--- Input data ---

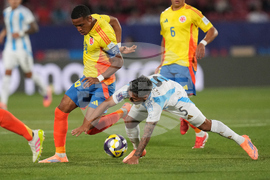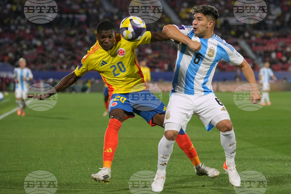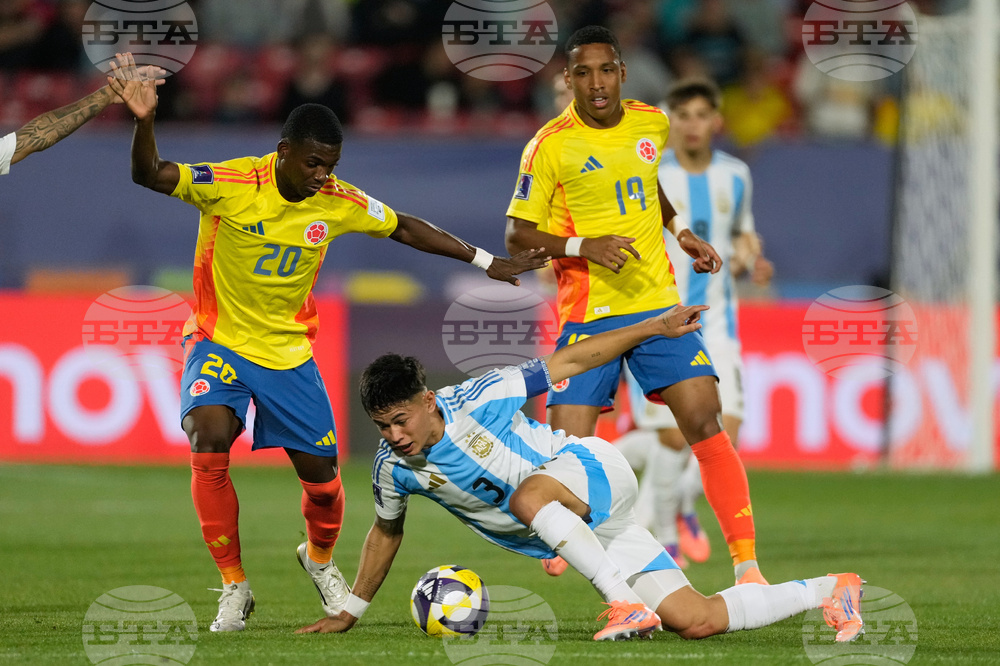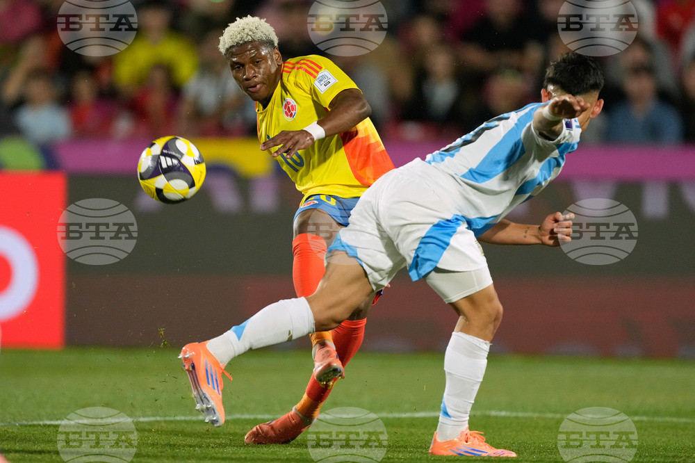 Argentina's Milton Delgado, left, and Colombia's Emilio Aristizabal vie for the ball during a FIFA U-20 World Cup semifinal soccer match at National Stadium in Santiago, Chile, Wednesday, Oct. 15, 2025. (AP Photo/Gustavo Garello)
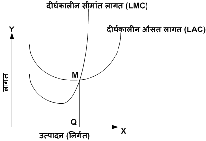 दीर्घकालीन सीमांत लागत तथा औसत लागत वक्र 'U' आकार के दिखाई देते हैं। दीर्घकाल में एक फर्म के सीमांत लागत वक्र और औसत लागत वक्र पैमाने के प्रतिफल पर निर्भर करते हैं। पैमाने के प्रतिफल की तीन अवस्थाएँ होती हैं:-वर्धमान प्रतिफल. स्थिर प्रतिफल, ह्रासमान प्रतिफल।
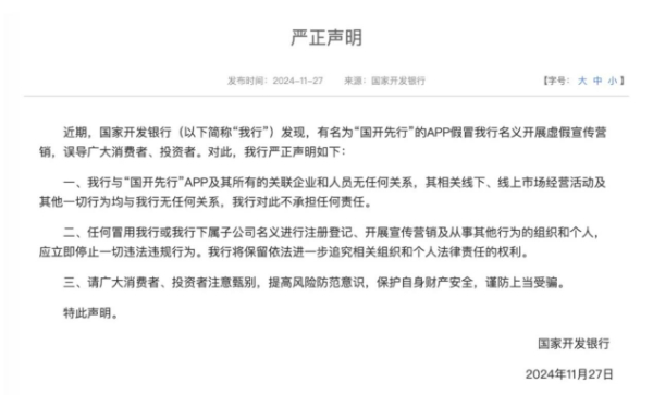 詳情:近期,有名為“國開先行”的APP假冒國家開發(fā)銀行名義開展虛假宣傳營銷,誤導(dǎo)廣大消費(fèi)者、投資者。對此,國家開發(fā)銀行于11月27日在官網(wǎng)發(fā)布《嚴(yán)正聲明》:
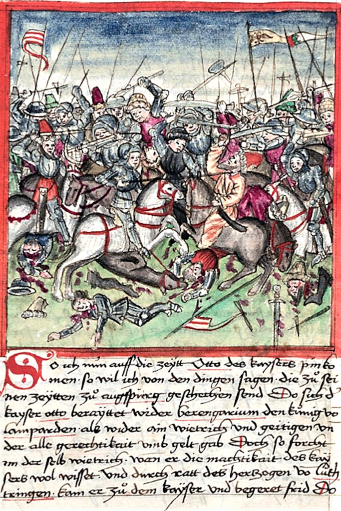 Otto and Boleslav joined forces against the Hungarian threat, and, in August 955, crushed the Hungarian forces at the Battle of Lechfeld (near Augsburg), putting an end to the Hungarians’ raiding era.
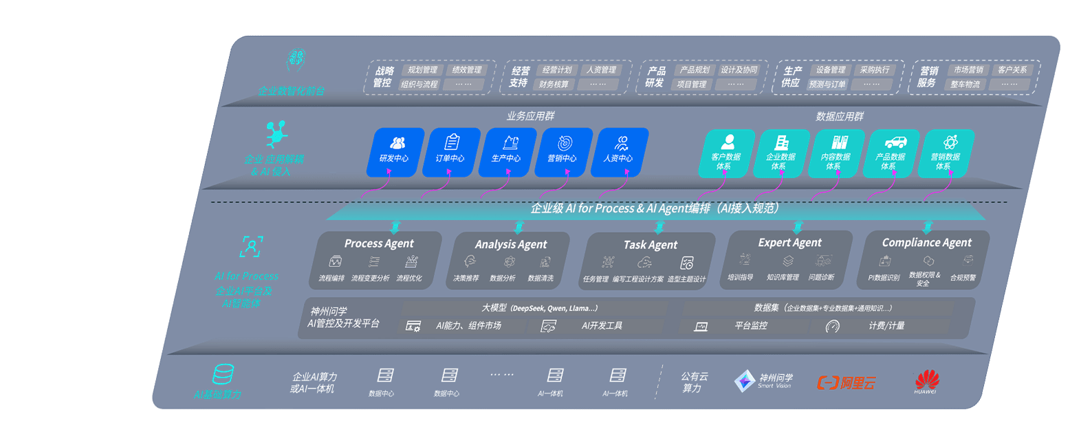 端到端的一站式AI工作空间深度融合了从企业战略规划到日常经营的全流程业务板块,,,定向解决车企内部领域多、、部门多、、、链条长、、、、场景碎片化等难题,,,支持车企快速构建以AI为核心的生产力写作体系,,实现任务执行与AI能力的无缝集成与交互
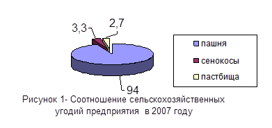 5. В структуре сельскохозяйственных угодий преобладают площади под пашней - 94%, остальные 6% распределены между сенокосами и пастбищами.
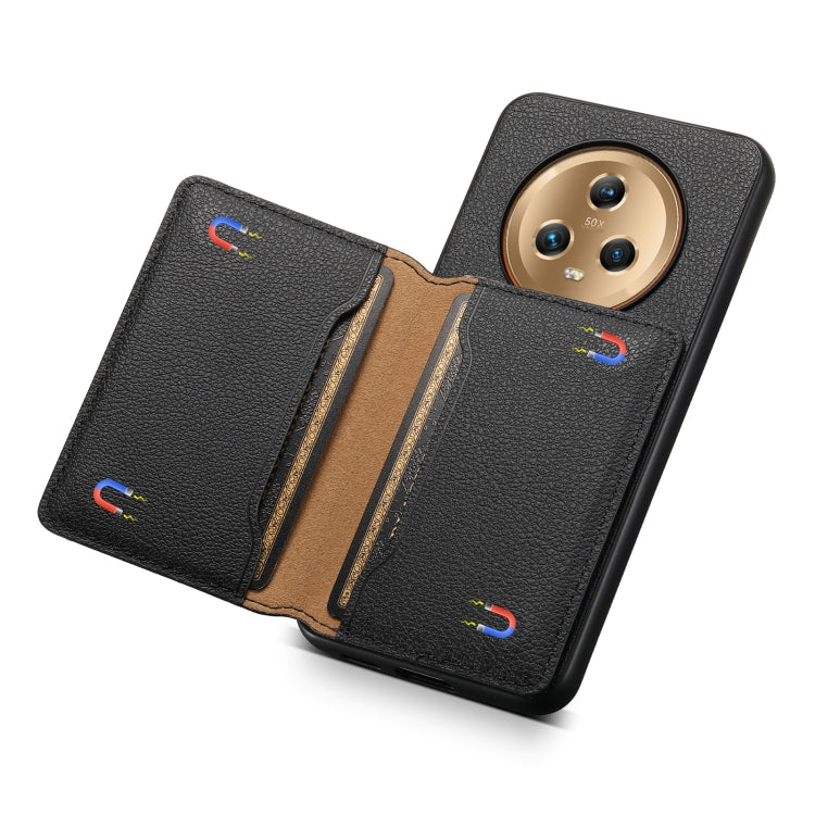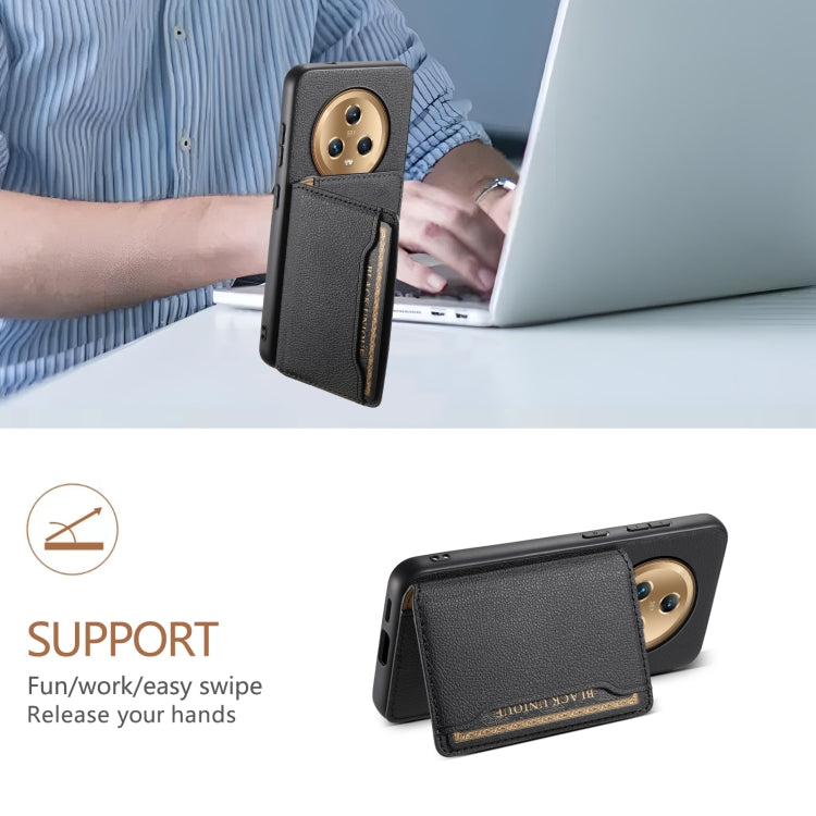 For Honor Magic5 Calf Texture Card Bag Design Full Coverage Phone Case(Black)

---

## Instructions for the task
Please copy exactly the lines from the one that contains "Otto and Boleslav" through the last line of the listing above, leaving out the pictures.

## Response box
 Otto and Boleslav joined forces against the Hungarian threat, and, in August 955, crushed the Hungarian forces at the Battle of Lechfeld (near Augsburg), putting an end to the Hungarians’ raiding era.
 端到端的一站式AI工作空间深度融合了从企业战略规划到日常经营的全流程业务板块,,,定向解决车企内部领域多、、部门多、、、链条长、、、、场景碎片化等难题,,,支持车企快速构建以AI为核心的生产力写作体系,,实现任务执行与AI能力的无缝集成与交互
 5. В структуре сельскохозяйственных угодий преобладают площади под пашней - 94%, остальные 6% распределены между сенокосами и пастбищами.
 For Honor Magic5 Calf Texture Card Bag Design Full Coverage Phone Case(Black)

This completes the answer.